Mechanical Low Back Pain
Mechanical Low Back Pain Causes of mechanical LBP generally are attributed to an acute traumatic event, but they may also include cumulative trauma as an etiology. The severity of an acute traumatic event varies widely, from twisting one's back to being involved in a motor vehicle collision. Mechanical LBP due to cumulative trauma tends to occur more commonly in the workplace.
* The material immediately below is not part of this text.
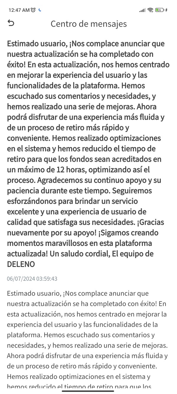 Hice un retiro de mi capital y ganancias en DELENO IFC y no me llegaron hicieron una actualización nueva y dice que en máximo 12 horas tiene que llegar y aún nada me llegó un depósito del 100% de lo que tenía y no lo toque sigue en la cuenta solo retire mi capital y mis ganancias operadas necesito una pronta solución ya que no soy el único afectado en esto gracias...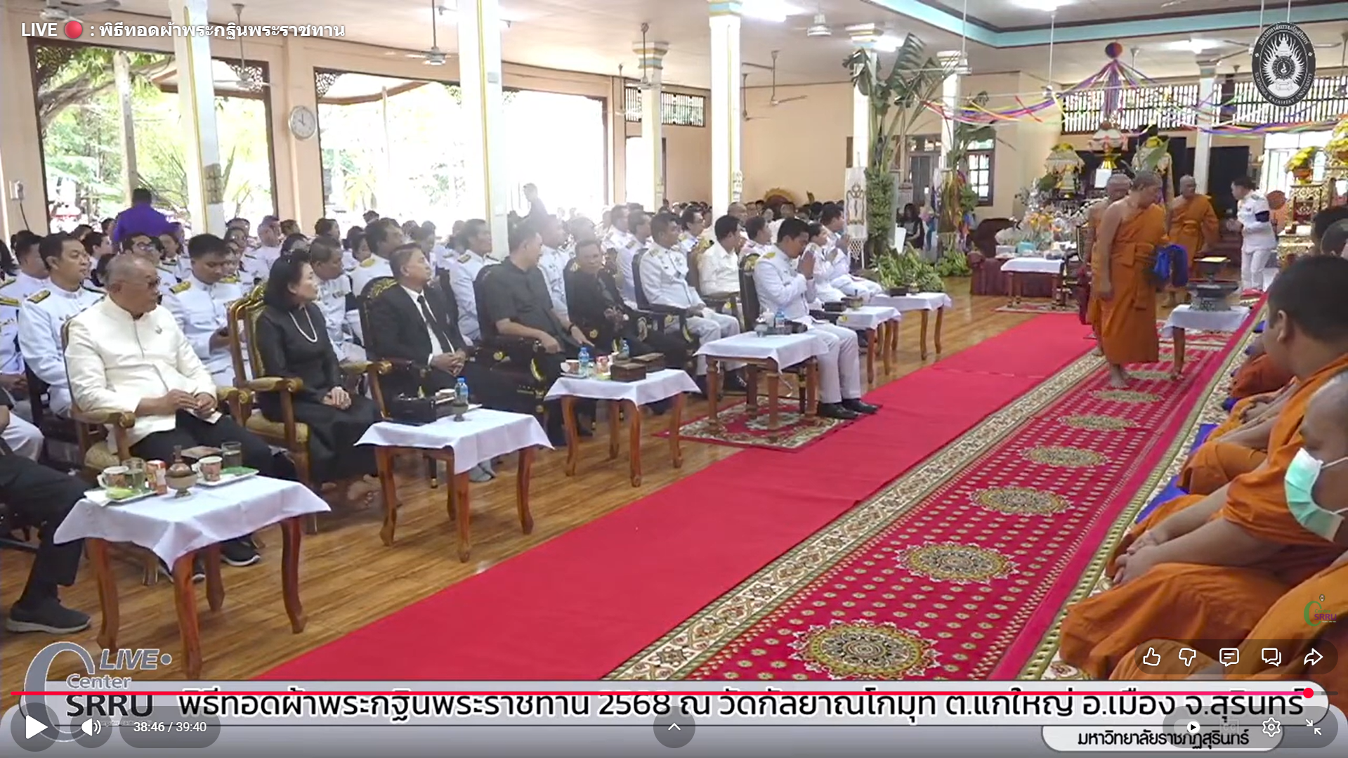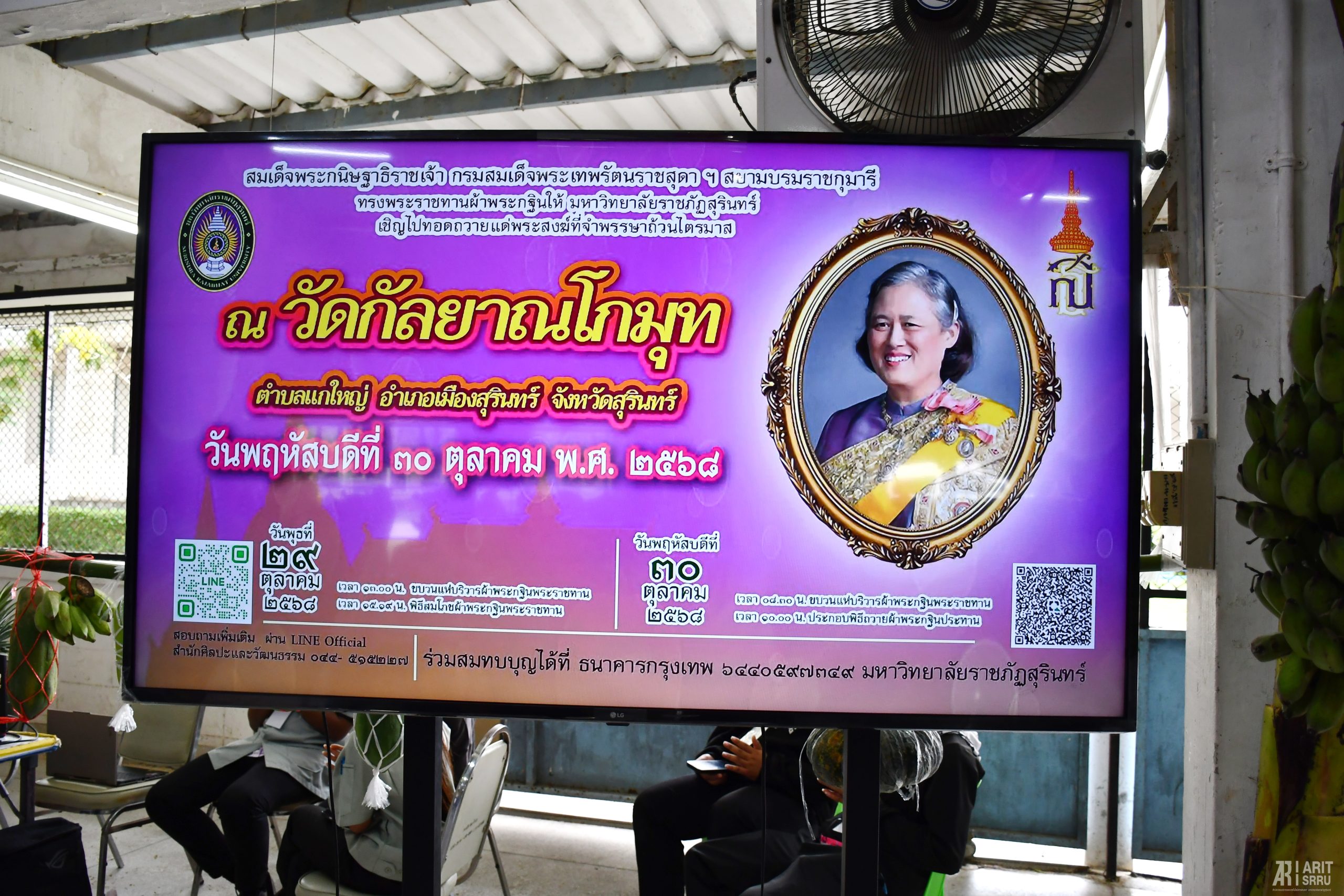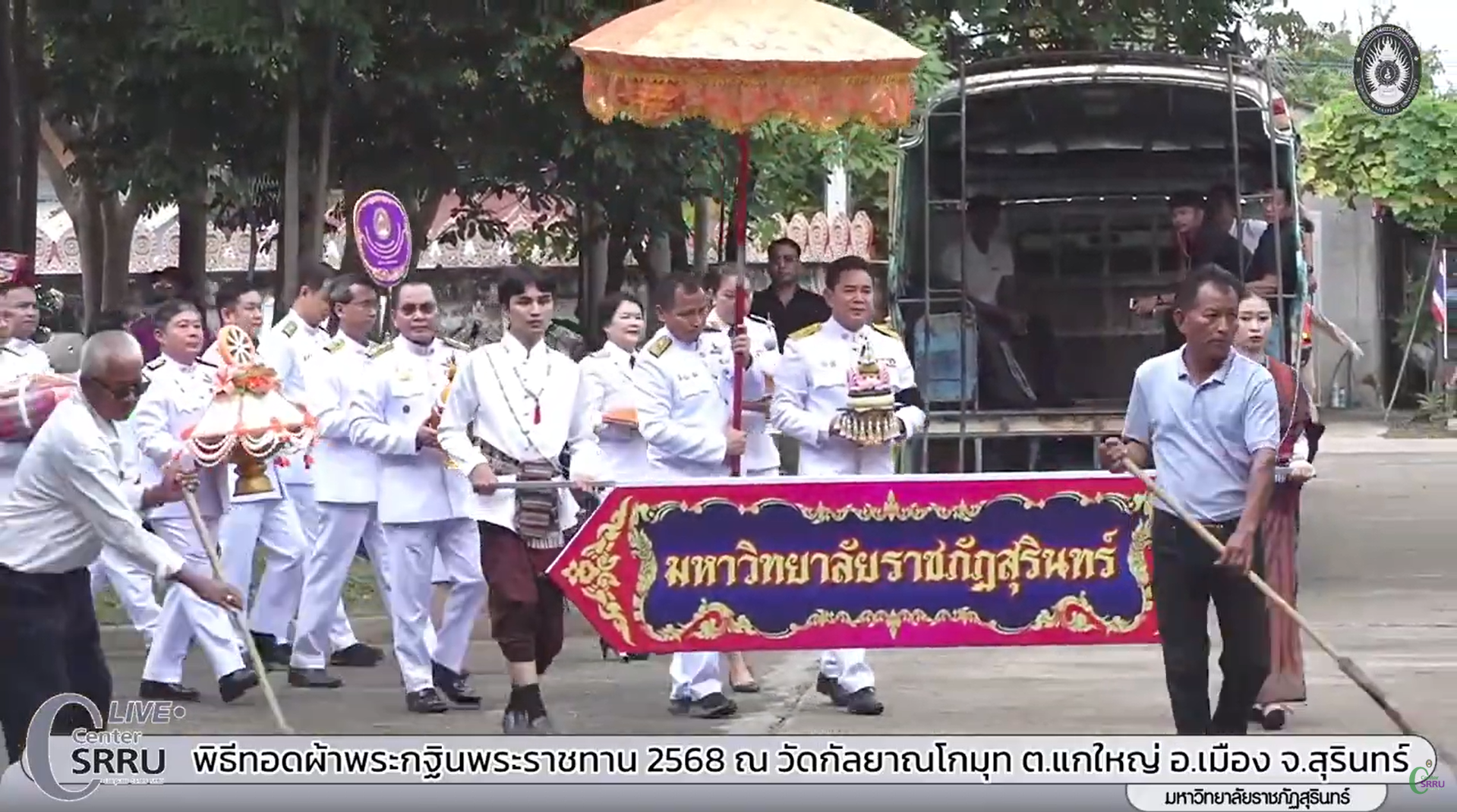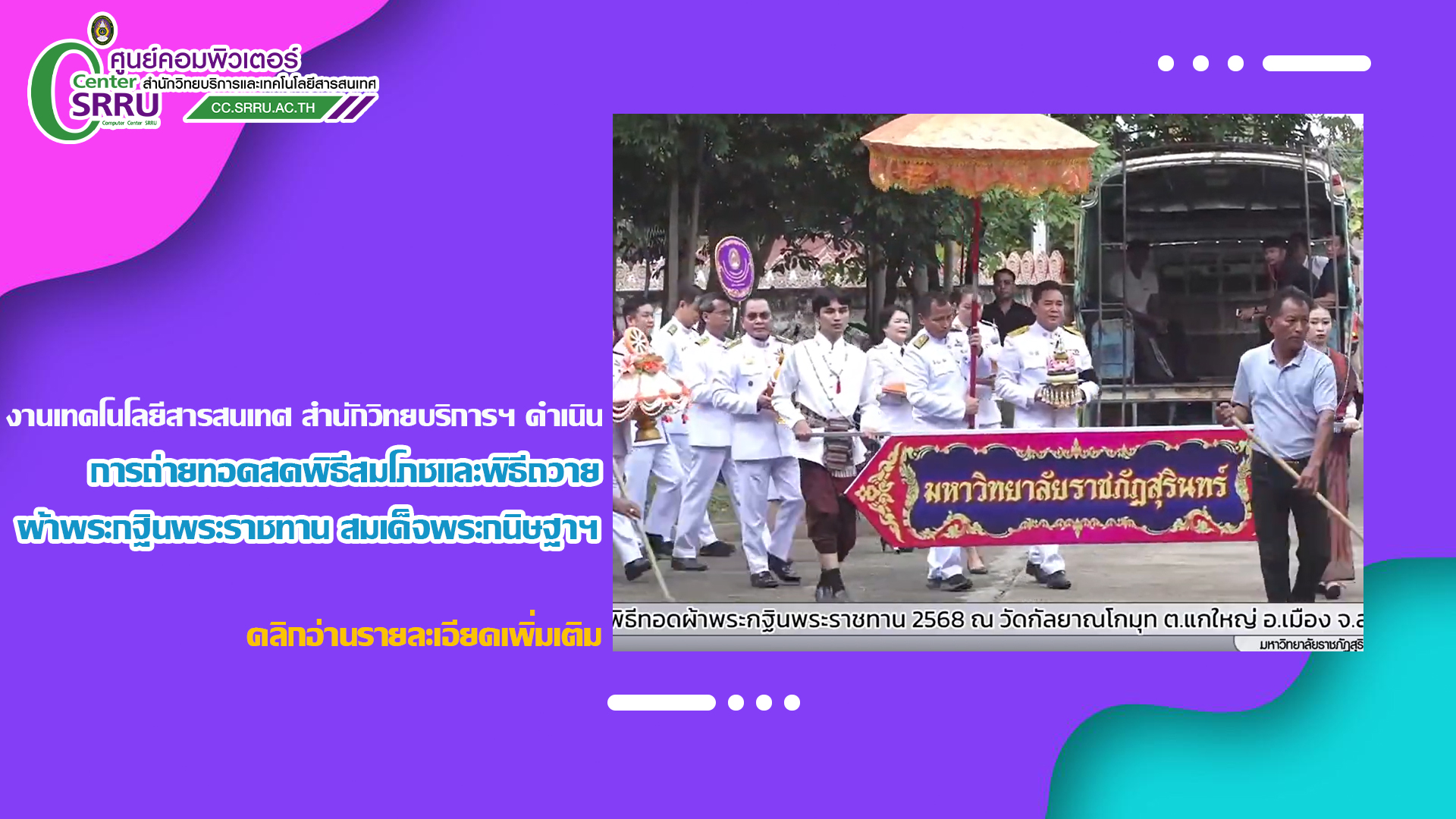 วันที่ 30 ตุลาคม 2568 เวลา 09.00 น. งานเทคโนโลยีสารสนเทศ สำนักวิทยบริการและเทคโนโลยีสารสนเทศ ดำเนินการถ่ายทอดสดพิธีสมโภชและพิธีถวายผ้าพระกฐินพระราชทาน สมเด็จพระกนิษฐาธิราชเจ้า กรมสมเด็จพระเทพรัตนราชสุดาฯ สยามบรมราชกุมารี มหาวิทยาลัยราชภัฏสุรินทร์ ประจำปี 2568 ระหว่างวันที่ 29 – 30 ตุลาคม 2568 ณ หอรประชุมใหญ่ มหาวิทยาลัยราชภัฏสุรินทร์ และ วัดกัลยาณโกมุท บ้านแกน้อย ตำบลแกใหญ่ อำเภอเมืองสุรินทร์ จังหวัดสุรินทร์

The pathophysiology of mechanical LBP remains complex and multifaceted. Multiple anatomic structures and elements of the lumber spine (eg, bones, ligaments, tendons, disks, muscle) are all suspected to have a role. Many of these components of the lumber spine have sensory innervation that can generate nociceptive signals representing responses to tissue-damaging stimuli. Other causes could be neuropathic (dysfunction of the nervous system--e.g, sciatica). Most chronic LBP cases most likely involve mixed nociceptive (a sensory receptor that responds to pain) and neuropathic etiologies.
Repetitive, compressive loading of the disks in flexion (eg, lifting) puts the disks at risk for an annular tear and internal disk disruption. Likewise, torsional forces on the disks can produce shear forces that may induce annular tears. The contents of the annulus fibrosis (nucleus pulposus) may leak through these tears. Central fibers of the disk are pain free, so early tears may not be painful. Samples of disk material taken at the time of autopsy reveal that the cross-linked profile of pentosidine, a component of the collagen matrix, declines. This may indicate the presence of increased matrix turnover and tissue remodeling.
Research in the past 20 years suggests that chemical causes may play a role in the production of mechanical LBP. Components of the nucleus pulposus, most notably the enzyme phospholipase A2 (PLA2), have been identified in surgically removed herniated disk material. This PLA2 may act directly on neural tissue, or it may orchestrate a complex inflammatory response that manifests as LBP.
Glutamate, a neuroexcitatory transmitter, has been identified in degenerated disk proteoglycan and has been found to diffuse to the dorsal root ganglion (DRG) affecting glutamate receptors. Substance P (pain) is present in afferent neurons, including the DRG, and is released in response to noxious stimuli, such as vibration and mechanical compression of the nerve. Steady, cyclic, or vibratory loading induces laxity and creep in the viscoelastic structures of the spinal elements. This creep does not recover fully in the in vivo cat model, even when rest periods are equal in duration to the loading period.
The concept of a biomechanical degenerative spiral has an appealing quality and is gaining wider acceptance. This concept postulates the breakdown of the annular fibers allows PLA2 and glutamate, and possibly other as-yet unknown compounds, to leak into the epidural space and diffuse to the DRG. The weakened vertebra and disk segment become more susceptible to vibration and physical overload, resulting in compression of the DRG and stimulating release of substance P. Substance P, in turn, stimulates histamine and leukotriene release, leading to an altering of nerve impulse transmission. The neurons become sensitized further to mechanical stimulation, possibly causing ischemia, which attracts polymorphonuclear cells and monocytes to areas that facilitate further disk degeneration and produce more pain.